■ TASK OBJECTIVE
For every entry below, give an exact repeat and leave out the pictures.

[Records drawn from a dataset]

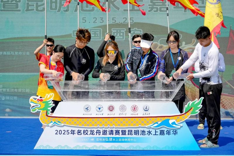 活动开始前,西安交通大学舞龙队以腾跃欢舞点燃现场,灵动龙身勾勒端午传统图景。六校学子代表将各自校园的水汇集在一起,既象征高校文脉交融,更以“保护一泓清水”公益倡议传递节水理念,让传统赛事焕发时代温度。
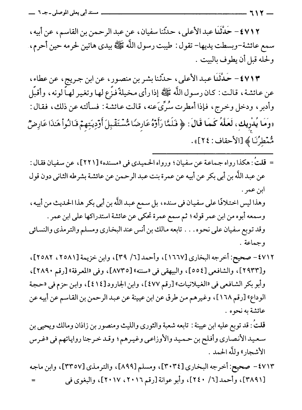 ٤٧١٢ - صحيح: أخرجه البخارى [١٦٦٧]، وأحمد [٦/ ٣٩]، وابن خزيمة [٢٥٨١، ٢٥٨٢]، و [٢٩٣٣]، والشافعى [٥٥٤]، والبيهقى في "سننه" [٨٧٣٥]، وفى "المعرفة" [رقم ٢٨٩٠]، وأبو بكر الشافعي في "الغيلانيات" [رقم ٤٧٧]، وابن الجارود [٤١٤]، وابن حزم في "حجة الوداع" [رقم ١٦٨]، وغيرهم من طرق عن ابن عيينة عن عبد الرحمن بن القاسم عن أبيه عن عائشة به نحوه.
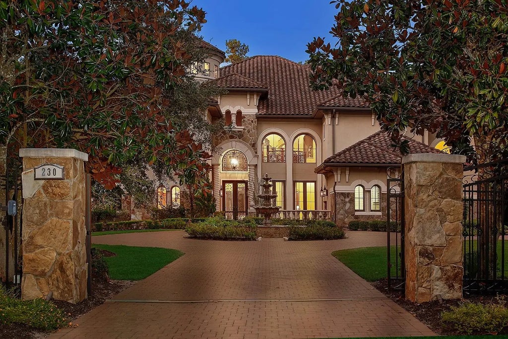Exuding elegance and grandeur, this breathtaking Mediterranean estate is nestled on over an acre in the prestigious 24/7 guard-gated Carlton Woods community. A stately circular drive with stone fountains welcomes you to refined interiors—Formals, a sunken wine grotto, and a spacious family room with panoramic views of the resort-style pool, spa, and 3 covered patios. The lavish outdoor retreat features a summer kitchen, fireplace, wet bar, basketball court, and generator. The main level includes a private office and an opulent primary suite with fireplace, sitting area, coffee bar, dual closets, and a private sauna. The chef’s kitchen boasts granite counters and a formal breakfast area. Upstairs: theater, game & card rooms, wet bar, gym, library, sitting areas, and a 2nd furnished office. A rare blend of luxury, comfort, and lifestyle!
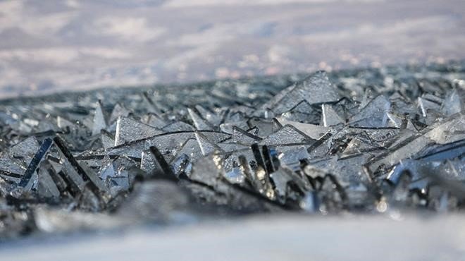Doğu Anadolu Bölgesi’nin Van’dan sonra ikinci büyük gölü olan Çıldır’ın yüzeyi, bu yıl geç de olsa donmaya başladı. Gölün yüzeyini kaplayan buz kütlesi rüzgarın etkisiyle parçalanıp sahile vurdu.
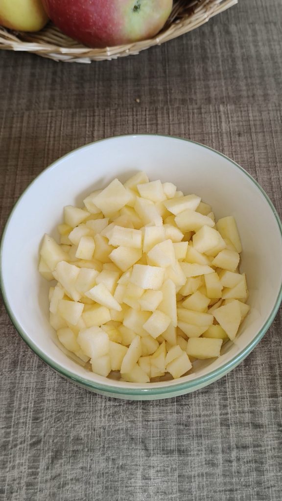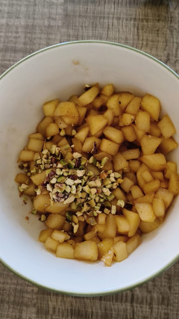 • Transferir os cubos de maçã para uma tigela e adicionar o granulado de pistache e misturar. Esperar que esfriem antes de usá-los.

■ TASK OUTPUT
 活动开始前,西安交通大学舞龙队以腾跃欢舞点燃现场,灵动龙身勾勒端午传统图景。六校学子代表将各自校园的水汇集在一起,既象征高校文脉交融,更以“保护一泓清水”公益倡议传递节水理念,让传统赛事焕发时代温度。
 ٤٧١٢ - صحيح: أخرجه البخارى [١٦٦٧]، وأحمد [٦/ ٣٩]، وابن خزيمة [٢٥٨١، ٢٥٨٢]، و [٢٩٣٣]، والشافعى [٥٥٤]، والبيهقى في "سننه" [٨٧٣٥]، وفى "المعرفة" [رقم ٢٨٩٠]، وأبو بكر الشافعي في "الغيلانيات" [رقم ٤٧٧]، وابن الجارود [٤١٤]، وابن حزم في "حجة الوداع" [رقم ١٦٨]، وغيرهم من طرق عن ابن عيينة عن عبد الرحمن بن القاسم عن أبيه عن عائشة به نحوه.
Exuding elegance and grandeur, this breathtaking Mediterranean estate is nestled on over an acre in the prestigious 24/7 guard-gated Carlton Woods community. A stately circular drive with stone fountains welcomes you to refined interiors—Formals, a sunken wine grotto, and a spacious family room with panoramic views of the resort-style pool, spa, and 3 covered patios. The lavish outdoor retreat features a summer kitchen, fireplace, wet bar, basketball court, and generator. The main level includes a private office and an opulent primary suite with fireplace, sitting area, coffee bar, dual closets, and a private sauna. The chef’s kitchen boasts granite counters and a formal breakfast area. Upstairs: theater, game & card rooms, wet bar, gym, library, sitting areas, and a 2nd furnished office. A rare blend of luxury, comfort, and lifestyle!
Doğu Anadolu Bölgesi’nin Van’dan sonra ikinci büyük gölü olan Çıldır’ın yüzeyi, bu yıl geç de olsa donmaya başladı. Gölün yüzeyini kaplayan buz kütlesi rüzgarın etkisiyle parçalanıp sahile vurdu.
 • Transferir os cubos de maçã para uma tigela e adicionar o granulado de pistache e misturar. Esperar que esfriem antes de usá-los.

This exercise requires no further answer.